GUATEMALA CITY (AP) — Hundreds of Guatemalans set out from various points of the capital Thursday to protest alleged corruption by a deeply unpopular government, the high cost of living and attacks on freedom of expression.

University students, faculty and other employees marched from the campus of the capital’s only public university carrying signs demanding that the corrupt get out. “If there is no justice for the people, let there be no peace for the government!” read one.

President Alejandro Giammattei is under fire for his reappointment of Attorney General Consuelo Porras, who has been criticized by the United States government and others for blocking corruption investigations and instead pursuing the prosecutors and judges who used to carry them out.

Most recently, her office arrested award-winning journalist José Rubén Zamora whose El Periodico newspaper has a reputation for corruption investigations, including against Giammattei.

Marchers were headed for Guatemala City’s historic downtown and the seat of power.

Leaders of Guatemala’s Indigenous population joined Thursday’s march as well, warning that the rising cost of living in the country was harming the people.

Enrique Saquic, an Indigenous leader from Santa Lucia Utatlán, said “they are strangling us, our brothers, our people are those who are suffering all this high cost of living.”

He also noted that the co-optation of the justice system had left Guatemalans defenseless.

Daniel Pascual, leader of the Committee of Farmer Unity, said the cost of living “means an increase in hunger for the poor.”
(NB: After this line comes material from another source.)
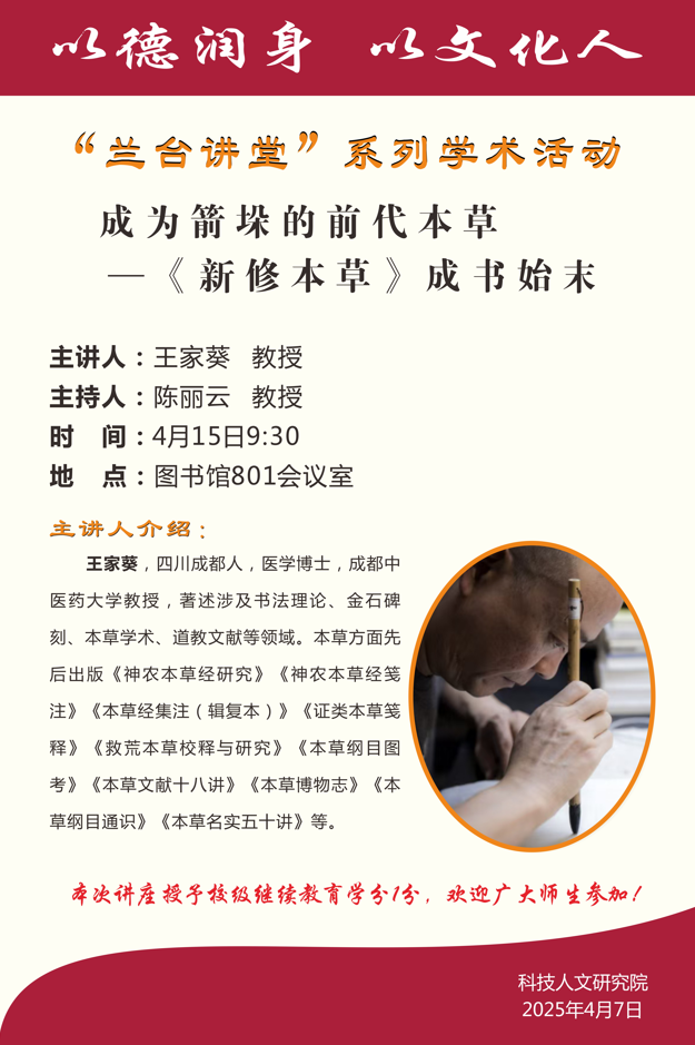 “兰台讲堂”系列学术活动——成为箭垛的前代本草-《新修本草》成书始末
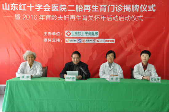 活動現(xiàn)場,山東紅十字會醫(yī)院韓作鋒院長與李萍主任共同為二胎再生育門診揭牌。韓院長在講話中表示,二胎再生育門診的設(shè)立,是山東紅十字會醫(yī)院為高齡再生育婦女及不孕不育家庭開啟的一條孕育綠色通道,隨著2016年再生育關(guān)懷年的全面開啟,山東紅十字會醫(yī)院還將推出包括生育力評估、再生育關(guān)懷幫扶等一系列公益援助活動,幫助更多有生育需求的家庭,讓他們抱上屬于自己的。

“The corruption in the end is the stealing of money from the people and those who pay taxes are the poor and middle class, because the rich don’t contribute equitably to the country,” Pascual said.

The United States has sanctioned Porras and included her and others on a list of corrupt actors in Guatemala who pose a threat to democracy. Giammattei however has stood by her, reappointing her to a second four-year term earlier this year.